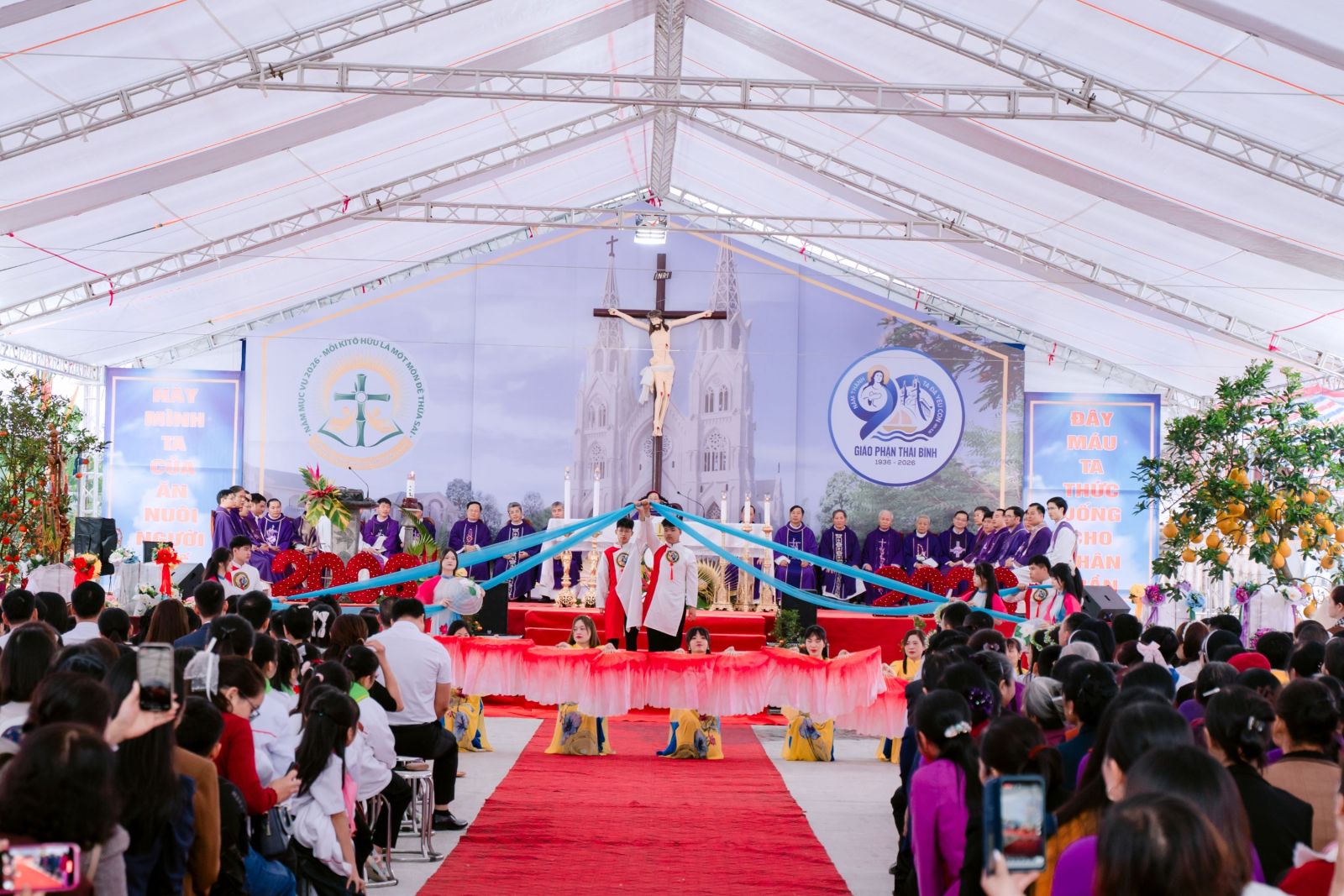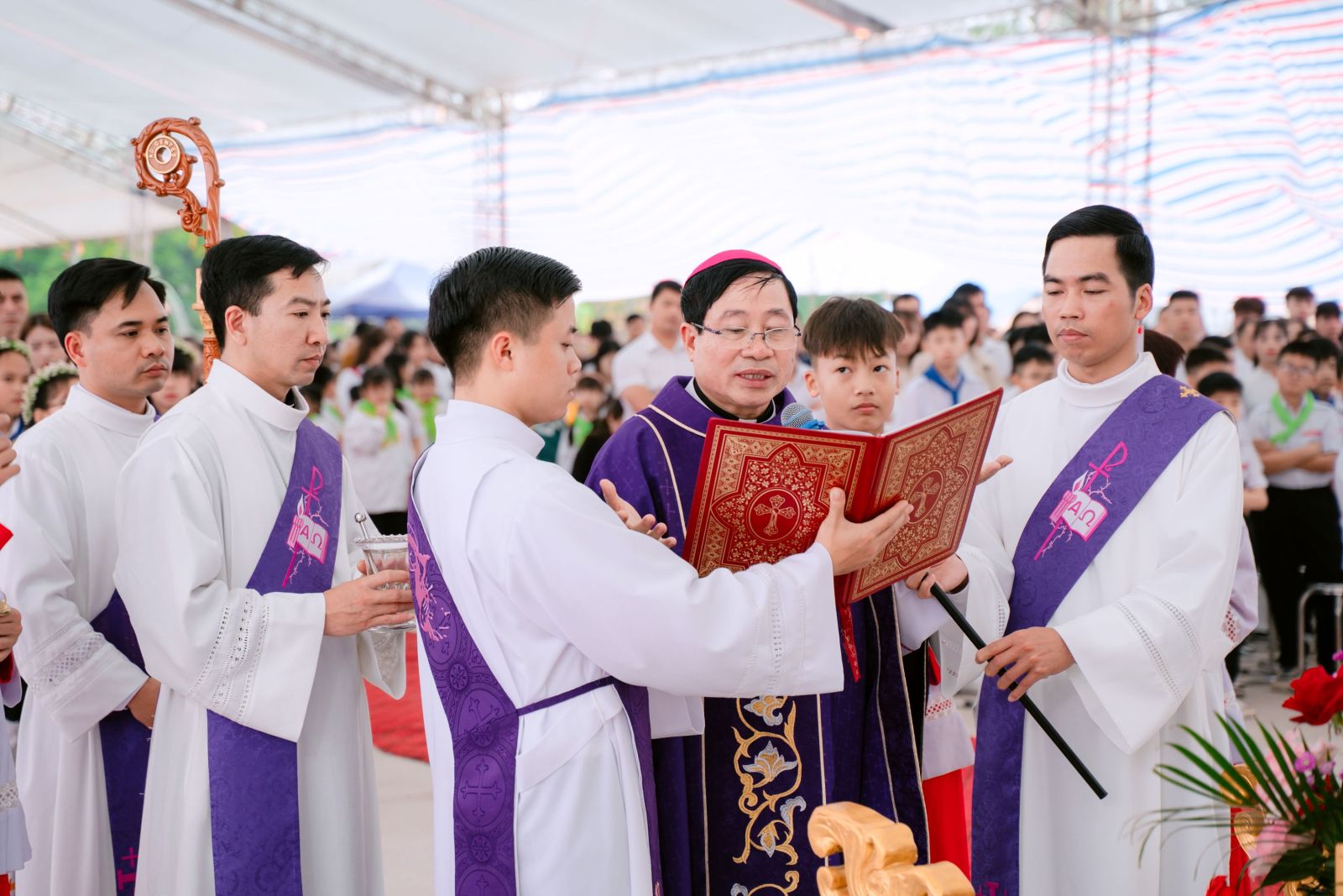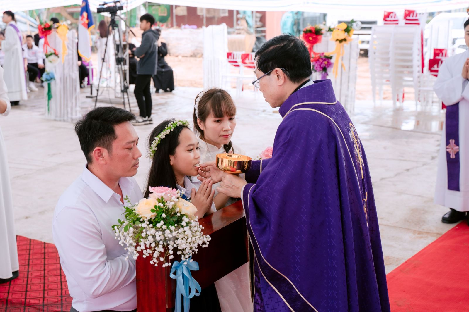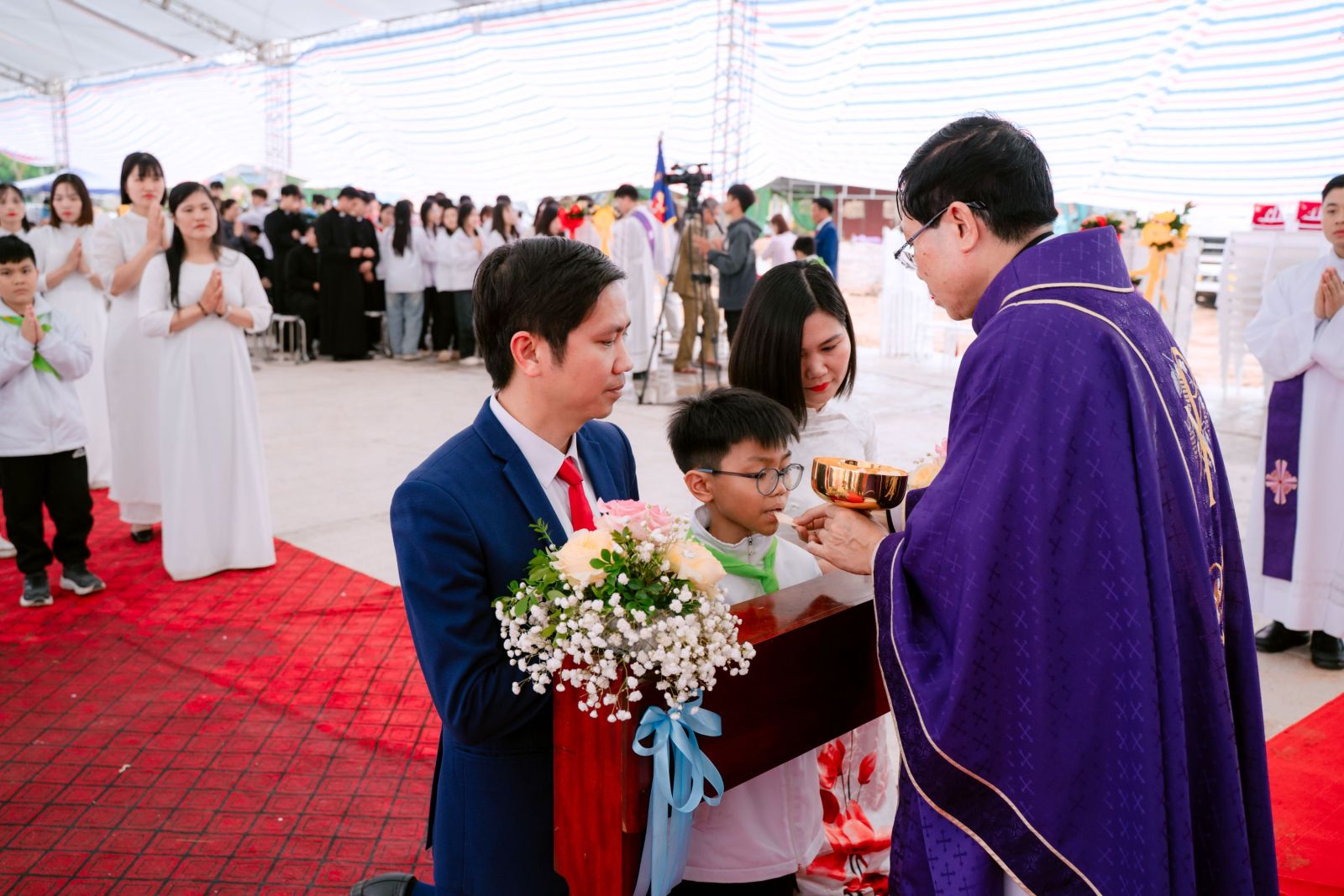 Thánh lễ và nghi thức làm phép viên đá đầu tiên xây dựng nhà thờ mới của giáo xứ do Đức cha Đa Minh – Giám mục Giáo phận chủ sự. Đồng tế với ngài có quý linh mục trong và ngoài giáo phận, cùng sự hiện diện của quý thầy, quý tu sĩ và đông đảo cộng đoàn. Trong Thánh lễ có 31 em được rước Chúa Giêsu Thánh Thể lần đầu tiên trong đời. Bầu khí phụng vụ diễn ra trang nghiêm, sốt sắng, thấm đượm niềm vui và hy vọng của cộng đoàn, của các em trong sự kiện trọng đại của cuộc đời khi bước sang trang sử mới.
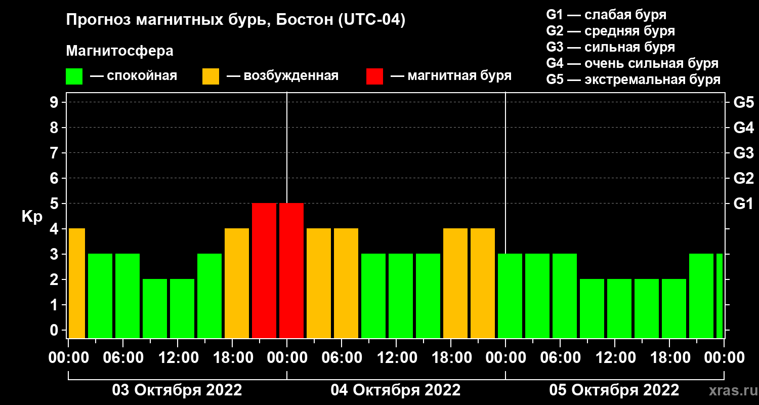 Прогноз магнитных бурь в Бостоне — 3 октября 2022 года
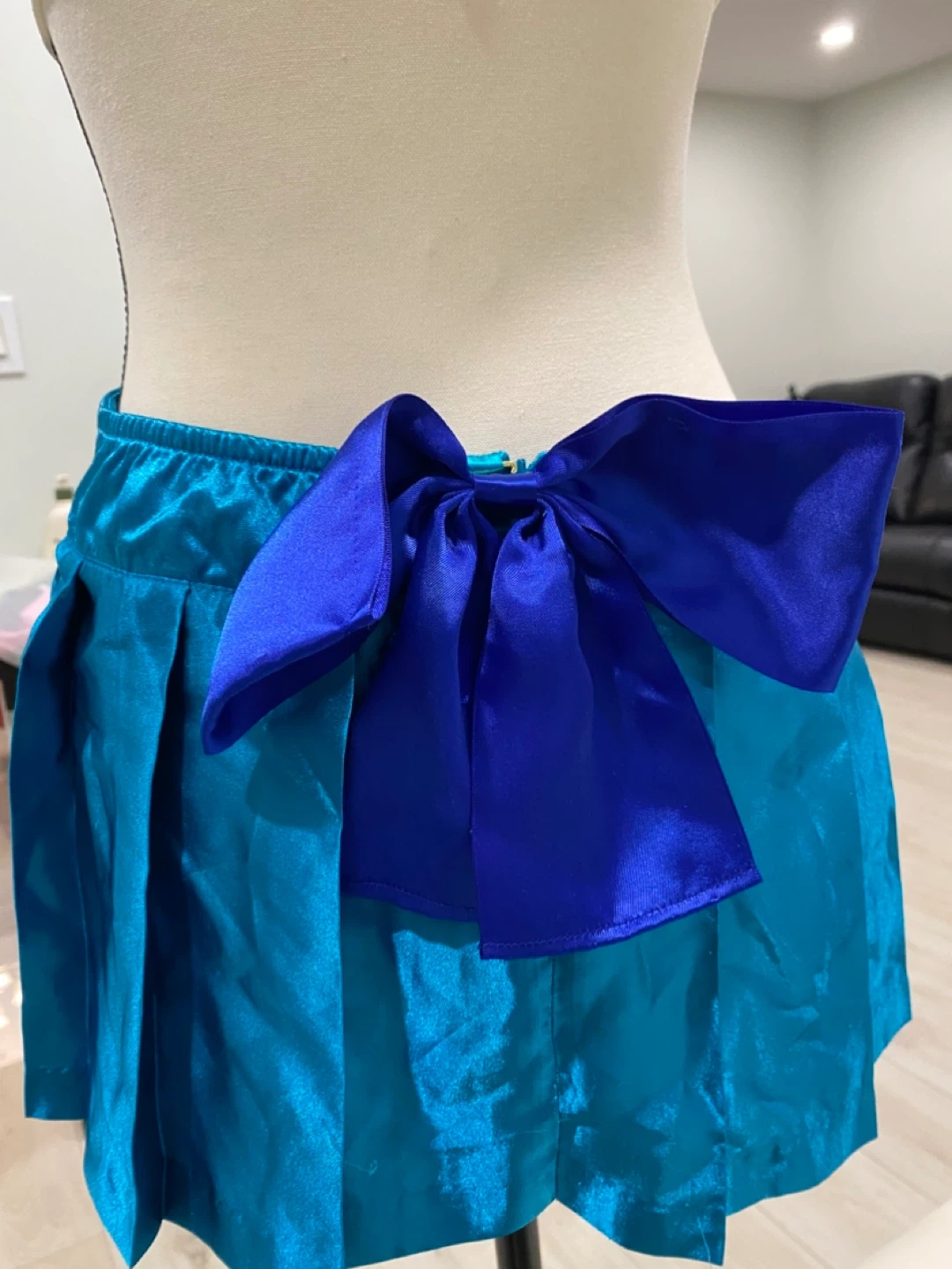 This vibrant blue sailor-style costume set includes a pleated skirt and a matching top with a large bow. It's a fun outfit for themed events. The fabric has a satin sheen.
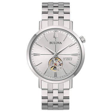 Orologio Bulova della collezione Aerojet nella colorazione Silver con cinturino in acciaio. L'orologio è dotato di Movimento meccanico a carica automatica Bulova con oblò trasparente con movimento a vista. Vetro minerale, cassa e cinturino in acciaio.
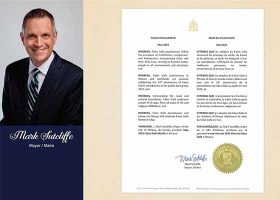 法轮大法传世三十三周年之际,渥太华市长马克﹒萨特克里夫代表市议会宣布五月为“渥太华法轮大法月”。
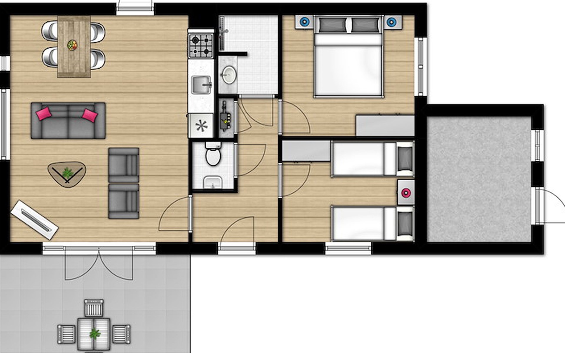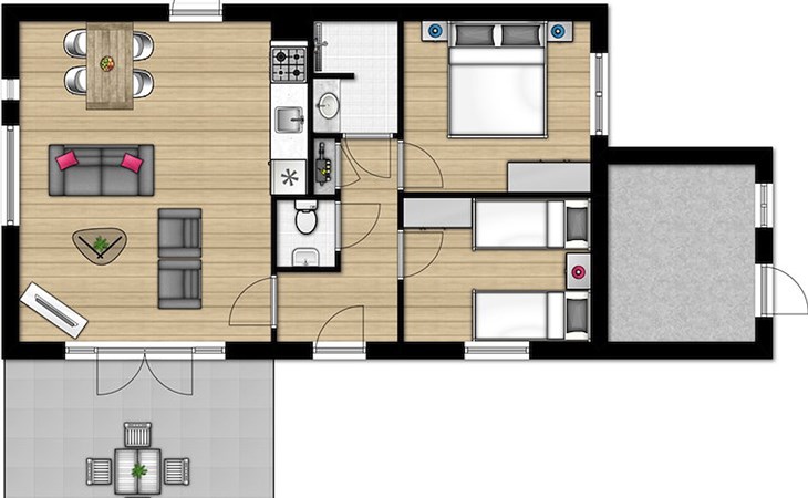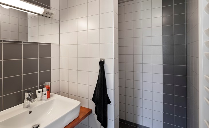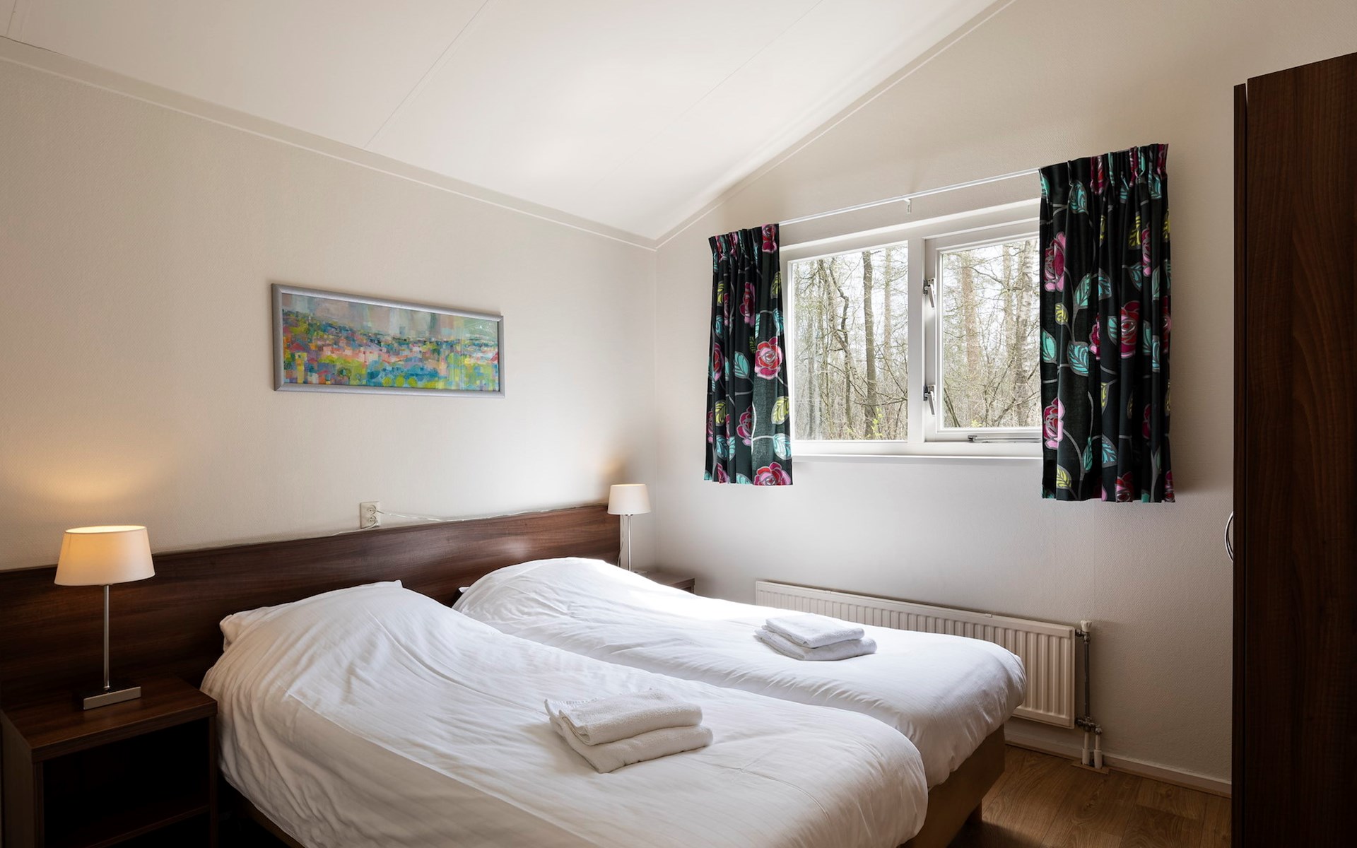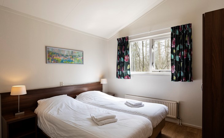 The bungalow has two bedrooms. Both bedrooms have two single box spring beds. The bathroom has a walk-in shower and washbasin. Furthermore, there is a separate toilet.
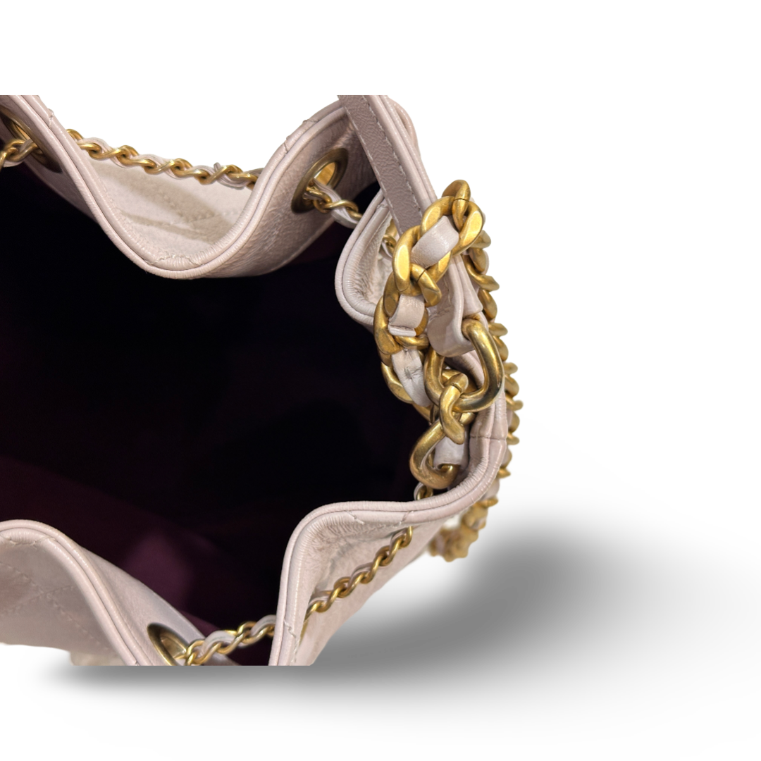 Chanel Lambskin Drawstring Bucket Bag Light Pink
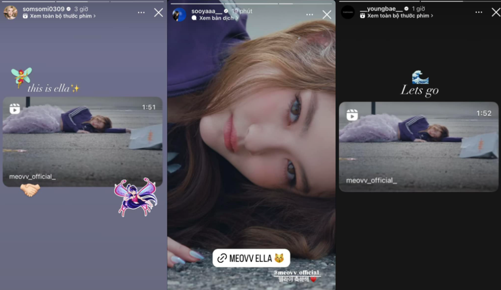 Somi, Jisoo, Taeyang chúc mừng Ella ra mắt trong nhóm nhạc nữ MEOVV. Ảnh: Instagram
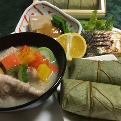 柿の葉寿司、豚汁、真鯖の塩焼、胡麻豆腐と小松菜のお浸し、黄金柑。
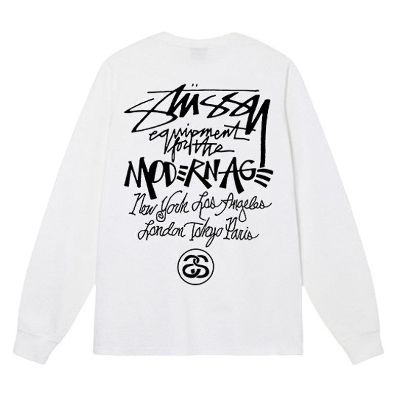 潮牌斯图西STU长袖t恤纯棉重磅300g高版本现代主义基础巡游款亲子
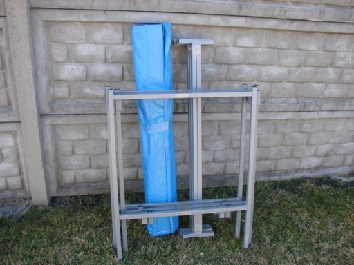 - Parametry po złożeniu stelaża, trzy ramki 77 x 56 x 8 cm i osiem łączników łączących 124 x 10 x 8 cm

→ DESCRIPTION OF THE TASK
Could you copy out every record exactly, minus the pictures?

→ ANSWER SPACE
 Thánh lễ và nghi thức làm phép viên đá đầu tiên xây dựng nhà thờ mới của giáo xứ do Đức cha Đa Minh – Giám mục Giáo phận chủ sự. Đồng tế với ngài có quý linh mục trong và ngoài giáo phận, cùng sự hiện diện của quý thầy, quý tu sĩ và đông đảo cộng đoàn. Trong Thánh lễ có 31 em được rước Chúa Giêsu Thánh Thể lần đầu tiên trong đời. Bầu khí phụng vụ diễn ra trang nghiêm, sốt sắng, thấm đượm niềm vui và hy vọng của cộng đoàn, của các em trong sự kiện trọng đại của cuộc đời khi bước sang trang sử mới.
 Прогноз магнитных бурь в Бостоне — 3 октября 2022 года
 This vibrant blue sailor-style costume set includes a pleated skirt and a matching top with a large bow. It's a fun outfit for themed events. The fabric has a satin sheen.
 Orologio Bulova della collezione Aerojet nella colorazione Silver con cinturino in acciaio. L'orologio è dotato di Movimento meccanico a carica automatica Bulova con oblò trasparente con movimento a vista. Vetro minerale, cassa e cinturino in acciaio.
 法轮大法传世三十三周年之际,渥太华市长马克﹒萨特克里夫代表市议会宣布五月为“渥太华法轮大法月”。
 The bungalow has two bedrooms. Both bedrooms have two single box spring beds. The bathroom has a walk-in shower and washbasin. Furthermore, there is a separate toilet.
 Chanel Lambskin Drawstring Bucket Bag Light Pink
 Somi, Jisoo, Taeyang chúc mừng Ella ra mắt trong nhóm nhạc nữ MEOVV. Ảnh: Instagram
 柿の葉寿司、豚汁、真鯖の塩焼、胡麻豆腐と小松菜のお浸し、黄金柑。
 潮牌斯图西STU长袖t恤纯棉重磅300g高版本现代主义基础巡游款亲子
 - Parametry po złożeniu stelaża, trzy ramki 77 x 56 x 8 cm i osiem łączników łączących 124 x 10 x 8 cm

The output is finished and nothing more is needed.